The Cambodian capital’s top football club, Phnom Penh Crown, has just hired a female physiotherapist. Andy Brouwer talks with the ground-breaking Lidwina Niewold.

Nowadays, for mega football clubs such as Chelsea its almost common practice to employ female medical staff, but for a team in the Cambodian Football League it’s unheard of. So what’s the story behind Phnom Penh Crown’s mould-breaking female physio, Lidwina Niewold?

A twin, with four brothers and a sister, Niewold grew up in Brummen, Holland, where football was popular for girls. This enabled her to play regularly and to help train a girl’s team for a couple of years.

“I come from a football-playing family and played as soon as I could,” she says. “But I suffered an injury when I was 20 and didn’t get it treated properly. So I know from my own experience how important it is to make sure players get the best possible treatment.”

Niewold studied physiotheraphy in Utrecht for four years including an internship in Indonesia for six months. “That was an amazing experience,” she says. “I worked in a hospital and then a small health care center in the countryside, and with disabled children.”

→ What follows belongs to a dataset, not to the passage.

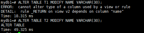 从执行结果的提示来看,t1表修改字段类型失败了,因为视图v2使用了这个字段,而t2表修改成功了,因为没有视图使用到t2的字段,虽然视图里面使用了t2表,但只是用来关联,视图的字段并没有使用t2表的字段,所以t2表的字段类型能修改成功。
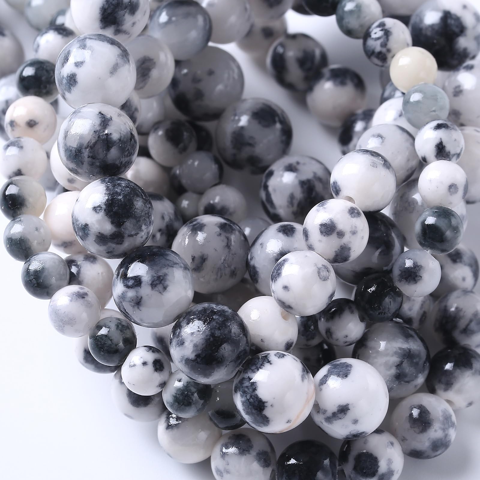 38 cuentas sueltas de jade persa blanco y negro de 0.394 in para hacer joyas, pulseras y collares

She came to Cambodia in November 2011 to work with Dick van der Poel at the Physiotherapy Phnom Penh Clinic. Early on she treated one of the Crown Academy boys and things kicked off from there. She attended a few Academy games, took over the rehabilitation of one of the players, Kouch Sokumpheak and was then invited by head coach Sam Schweingruber, to get involved with the senior team.

“I’m addicted to football, I love it,” she says. “The fact that I can be involved on the pitch and use my physio skills at the same time is like living my childhood dream.”

Not that living the dream is all play, as Niewold is serious about her work.

“I’m trying to make the players conscious about their body, and what to avoid,” she says. “I can treat them with manual physiotheraphy, massage, medical taping or exercising. My goal is to get them back as soon as possible but without risk of more damage.”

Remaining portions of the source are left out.